▶ _Task_
Please copy the lines below, exactly as they are, from the one with "Стандартный отвод у" through the one with "his chainsaw work.", and leave out the pictures.

▶ _Material supplied_
----

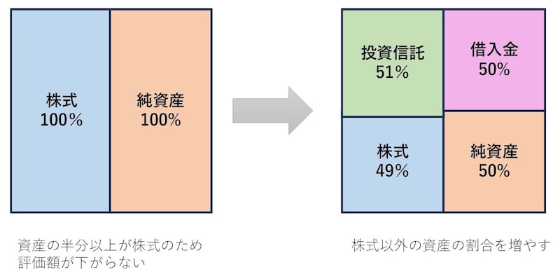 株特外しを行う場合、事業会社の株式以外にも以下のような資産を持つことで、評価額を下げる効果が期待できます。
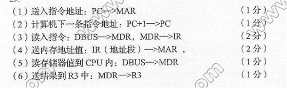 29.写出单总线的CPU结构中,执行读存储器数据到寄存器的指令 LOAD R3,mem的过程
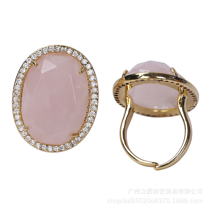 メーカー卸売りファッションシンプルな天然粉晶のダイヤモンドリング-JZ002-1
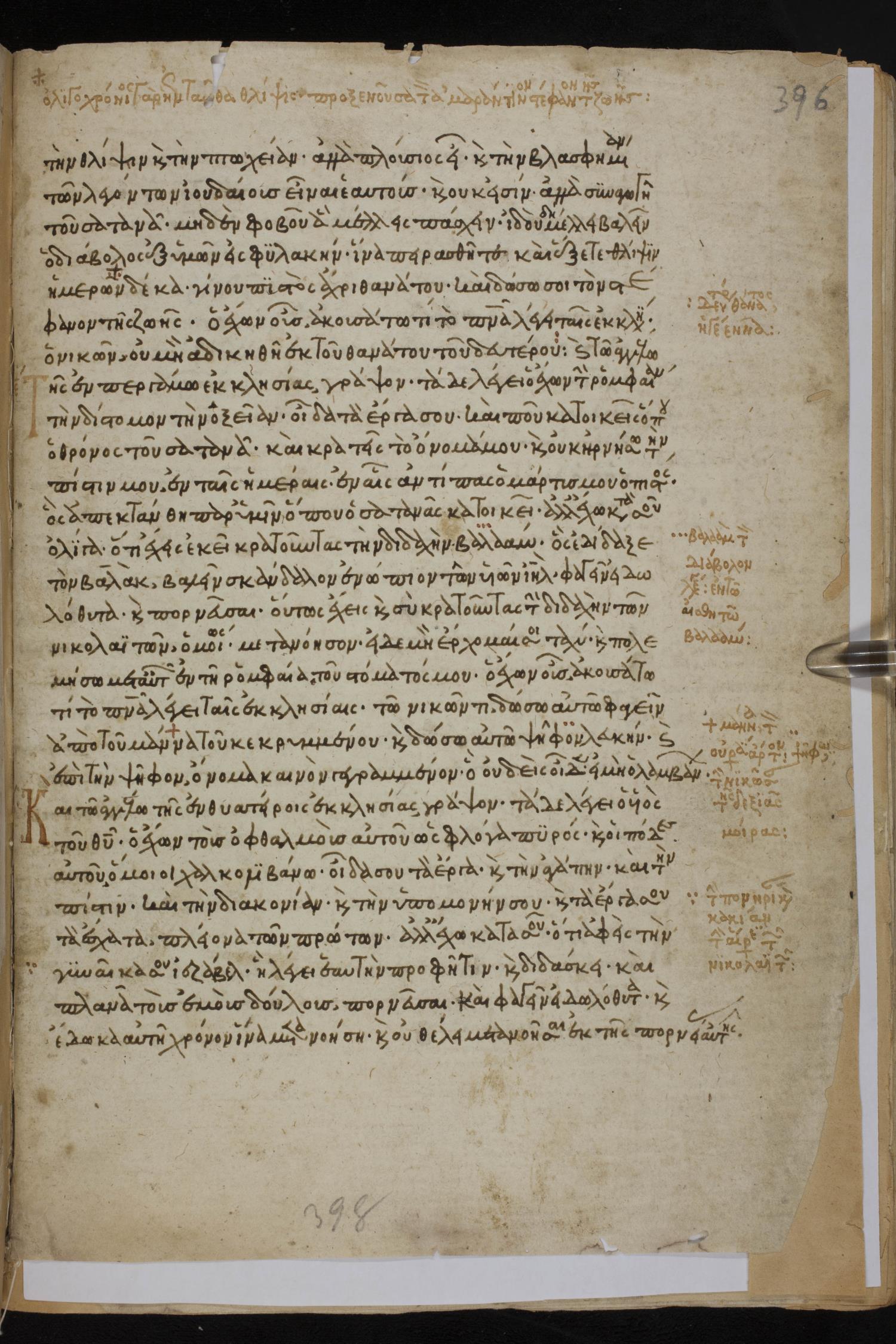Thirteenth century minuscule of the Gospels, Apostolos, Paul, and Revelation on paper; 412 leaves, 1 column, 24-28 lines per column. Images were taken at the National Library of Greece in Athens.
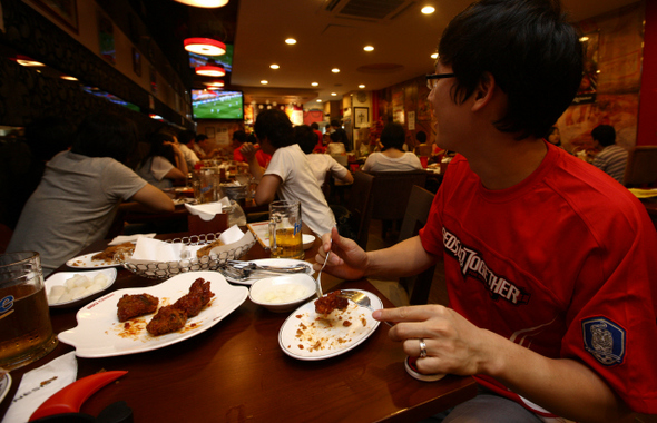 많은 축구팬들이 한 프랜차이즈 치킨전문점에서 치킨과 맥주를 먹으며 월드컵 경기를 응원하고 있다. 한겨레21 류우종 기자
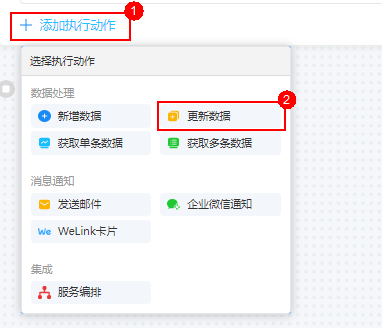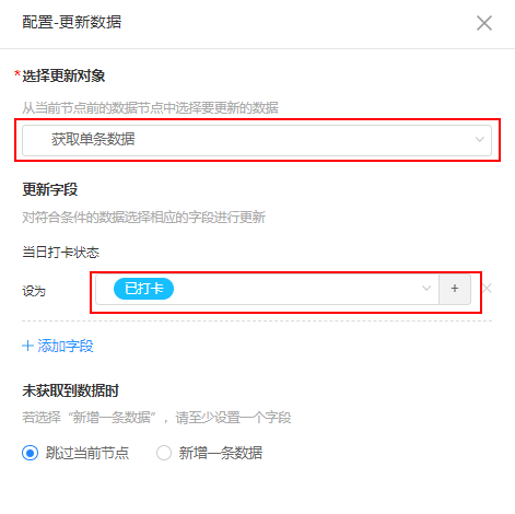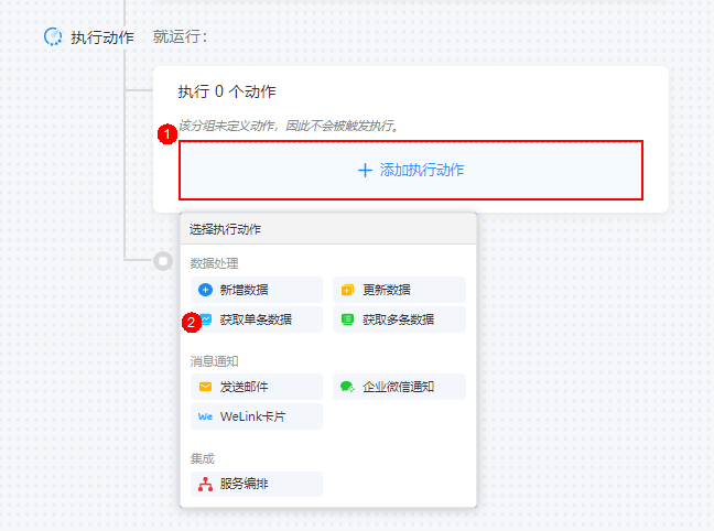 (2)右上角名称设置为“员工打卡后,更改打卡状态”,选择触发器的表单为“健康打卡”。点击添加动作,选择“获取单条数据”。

----

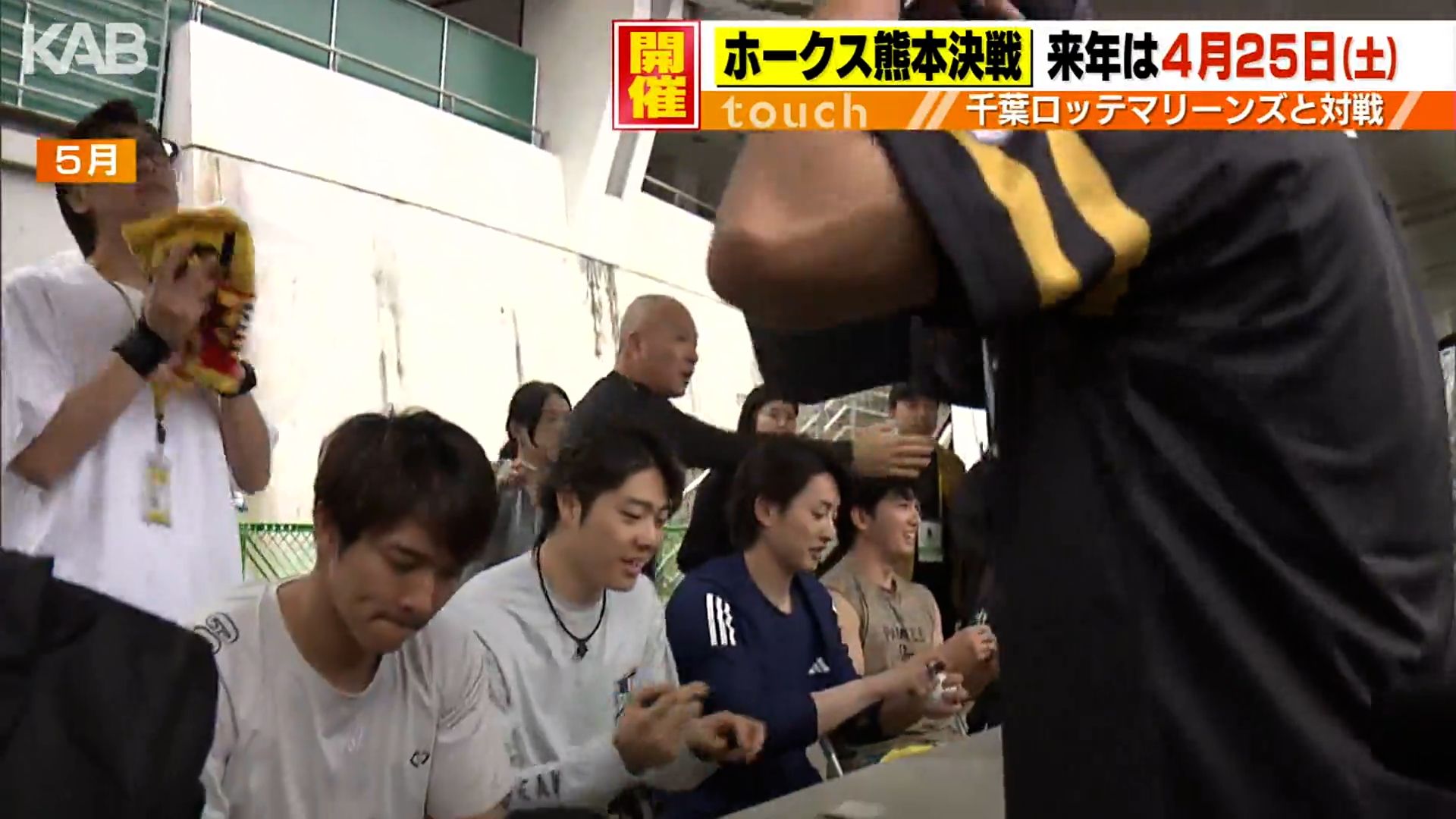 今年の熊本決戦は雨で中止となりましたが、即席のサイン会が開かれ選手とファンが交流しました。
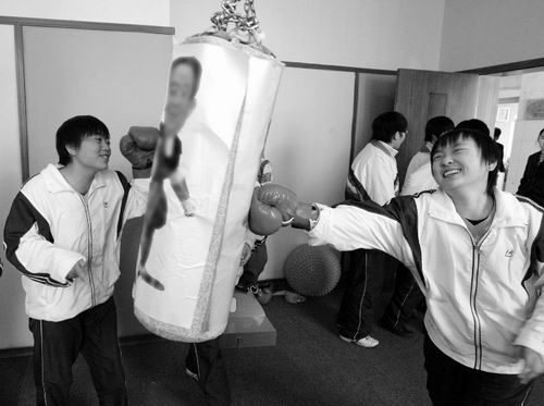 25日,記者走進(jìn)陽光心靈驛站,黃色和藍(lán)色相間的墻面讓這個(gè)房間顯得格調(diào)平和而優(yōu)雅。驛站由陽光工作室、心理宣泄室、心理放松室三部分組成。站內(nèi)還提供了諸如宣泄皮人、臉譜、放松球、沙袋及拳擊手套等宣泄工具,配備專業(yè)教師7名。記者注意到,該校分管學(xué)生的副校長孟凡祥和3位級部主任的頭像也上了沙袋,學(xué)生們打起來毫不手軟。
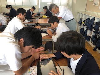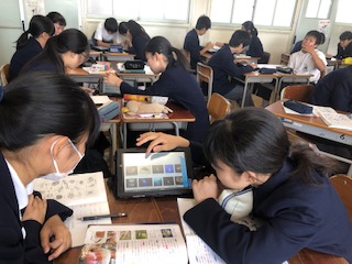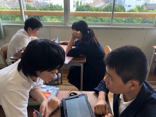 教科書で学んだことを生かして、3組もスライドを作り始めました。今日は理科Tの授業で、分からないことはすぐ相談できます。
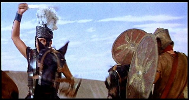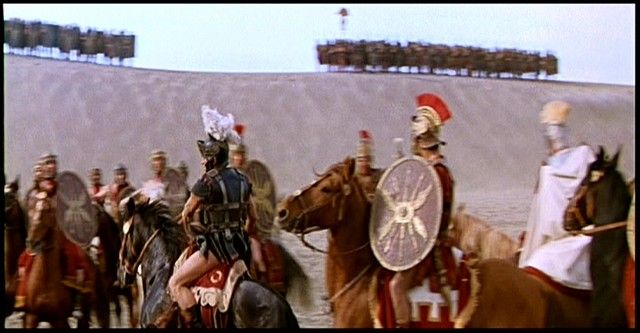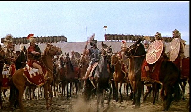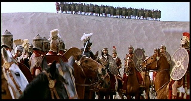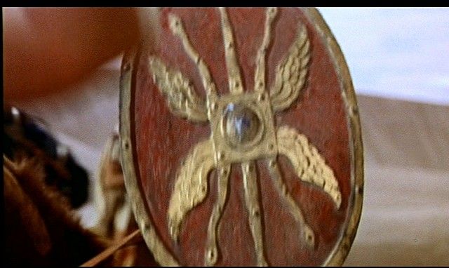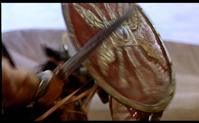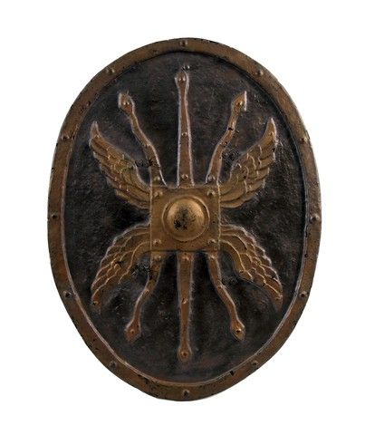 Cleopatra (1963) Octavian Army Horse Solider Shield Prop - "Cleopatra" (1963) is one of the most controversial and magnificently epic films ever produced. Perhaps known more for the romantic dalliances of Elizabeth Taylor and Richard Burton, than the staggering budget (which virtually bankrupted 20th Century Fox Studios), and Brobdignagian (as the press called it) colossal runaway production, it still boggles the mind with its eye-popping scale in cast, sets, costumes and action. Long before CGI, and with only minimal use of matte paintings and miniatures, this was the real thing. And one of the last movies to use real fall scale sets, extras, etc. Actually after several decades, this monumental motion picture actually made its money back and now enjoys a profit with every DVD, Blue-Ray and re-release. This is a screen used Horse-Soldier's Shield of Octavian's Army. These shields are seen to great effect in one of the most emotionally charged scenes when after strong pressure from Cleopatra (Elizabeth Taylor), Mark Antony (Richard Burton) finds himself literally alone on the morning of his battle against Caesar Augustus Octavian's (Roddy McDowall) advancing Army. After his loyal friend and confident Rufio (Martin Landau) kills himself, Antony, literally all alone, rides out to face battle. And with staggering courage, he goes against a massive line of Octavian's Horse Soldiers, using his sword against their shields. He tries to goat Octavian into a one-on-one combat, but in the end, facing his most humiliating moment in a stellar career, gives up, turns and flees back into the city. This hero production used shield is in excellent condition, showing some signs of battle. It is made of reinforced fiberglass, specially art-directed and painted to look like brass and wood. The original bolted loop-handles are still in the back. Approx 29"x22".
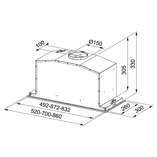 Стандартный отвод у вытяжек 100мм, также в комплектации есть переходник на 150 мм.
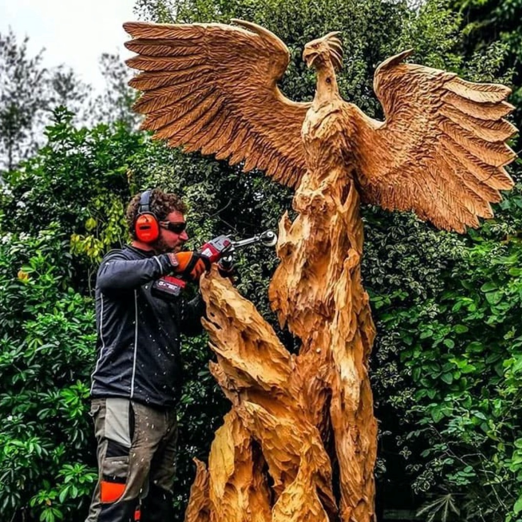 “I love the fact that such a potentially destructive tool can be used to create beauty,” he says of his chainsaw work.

----

▶ _Solution_
 Стандартный отвод у вытяжек 100мм, также в комплектации есть переходник на 150 мм.
 “I love the fact that such a potentially destructive tool can be used to create beauty,” he says of his chainsaw work.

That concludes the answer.